Both the house and the education may turn out to be worth less than you paid, but the present-day value of a house has to do with what someone else is willing to pay to take it off your hands. You don't sell your education to someone else. You try to get a job. When you buy a house, you have some expectations about how the market price will change over time. When you get an education you have expectations about what kinds of jobs you may be able to get with it. But so much depends on you. You have to have absorb and process the material the school teaches, you need to present yourself appropriately in interviews, and, once you get the job, you have to perform well. Your services are the product. The education was part of making your services worth buying in the job market. But no one ever purchases your education from you.

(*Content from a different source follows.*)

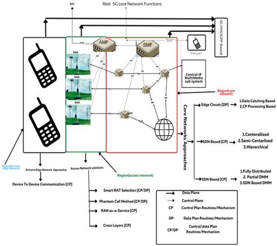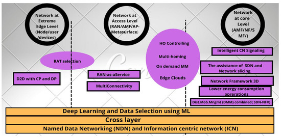 Similarly, as noted in the literature [2,3], these MM techniques are only feasible for current architectures and unable to cope with 5G and future networks. Next, the MM techniques of group handover, progressive cell association [4,5,6], etc., are also not suitable for tackling the issue of complexity and core network signaling in 5G and future networks. Consequently, such unfeasible aspects have forced researchers to initiate a great revolution in MM mechanisms for 5G and future networks. Researchers face issues in molding existing MM to the 5G network. These issues are encountered due to the architectural nature of the 5G network, in which the provision of diverse types of services and satisfying the expectations of users (120× increase in data rates) are a must compared to the LTE network [6,7]. Moreover, the theme of 5G is to ensure minimum latency with required reliability for delay-sensitive applications, such as emergency services, augmented reality, multimedia applications, real-time applications, etc. [6].

Now, why focus on law schools? People buy all sorts of education. It's expensive. And students major in plenty of subjects that are far less likely to result in jobs. Here's where we get to the real meat of the article: Do the law schools trick students into thinking they are buying a bigger boost in the job market than they're really going to get? And it's the old U.S. News and World Report problem. As schools vie for higher ranking, they do what they can to produce statistics that factor into the calculation, and one thing is the percentage of "graduates known to be employed nine months after graduation." Law schools today report an average of 93%, which is 9% more than back in 1997, even though everyone knows the job market for law grads has gotten much worse.
Another statistic that counts in the rankings is median starting salary:
Many schools, even those that have failed to break into the U.S. News top 40, state that the median starting salary of graduates in the private sector is $160,000. That seems highly unlikely, given that Harvard and Yale, at the top of the pile, list the exact same figure....That is to say, the U.S. News rankings are, on their face, unbelievable.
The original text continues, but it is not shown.